I shoved him while he was unsteady, and he fell backwards, landing right on his ass. At least he hadn’t tripped into the cacti bed. Small favor for him.
“Goddamn, girl, what is wrong with you?” he said with a groan.
I picked up his flashlight and waved its beam in his direction, if anything, to get a closer look at the creep.
He must’ve been in his 40’s or so. It was often hard to tell middle-aged men’s ages precisely as they all seemed to dress as if the grunge era had never really left the building. He had dark, ruffled hair and five o’clock shadow attempting to be a weak beard. Solid build. Etched scowl. He looked like he’d both inflicted and taken a few swings in the past couple of decades.
Yeah, he fit right in with the locale.
I dropped to a crouch right beside him, waving his flashlight beam right at his face. “I’m sorry, what’s wrong with me? Really? No, no. What is wrong with you, not me,” I said. “Not me. I was out looking for the prick who kept scratching at my bedroom door, that same prick who scared the holy fuck out of me a few minutes ago…and the same prick who caused me to fall onto a cactus and lose my cell.”

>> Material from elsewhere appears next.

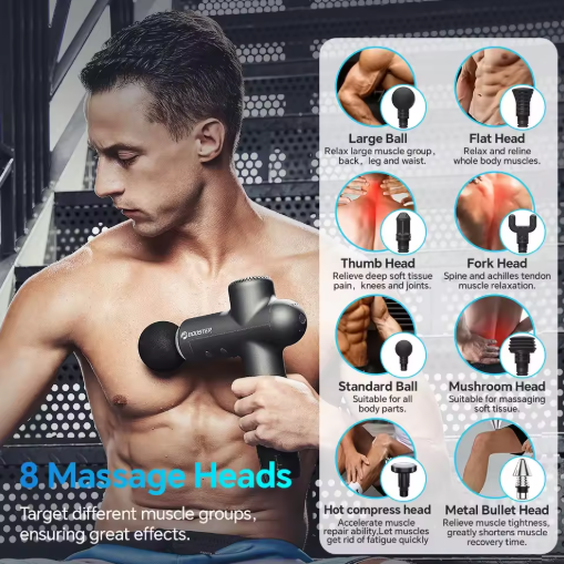 Electric Massage Gun rechargeable. Accelerate recovery with our deep tissue massage gun, featuring both hot and cold therapy modes. Designed to target sore muscles, stiffness, and fatigue, it delivers customizable percussion therapy while the temperature function enhances circulation and reduces inflammation. Perfect for total body pain relief at home.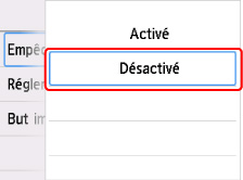L'écran de configuration du paramètre sélectionné s'affiche.

He sniffed, wiping his wet, red-rimmed eyes with the back of his hand. “Look, I’m sorry if I scared you, but I swear I wasn’t trying to do that to you. That isn’t me. I mean, hell, look where it got me. Eyes on fire. Ass broken in half.” He scrambled up to his feet, rubbing at his sore backside. “I have chronic insomnia, so I just walk around until I get tired and my thoughts go quiet. Runs in my family. Well, my father’s side. Mom and her kin could sleep if there was a Cat. 5 hurricane happening outside.”
“So you really weren’t the guy who crept up on me and said, ‘You lost, little lady’? Because that was something I don’t want to relive ever again.”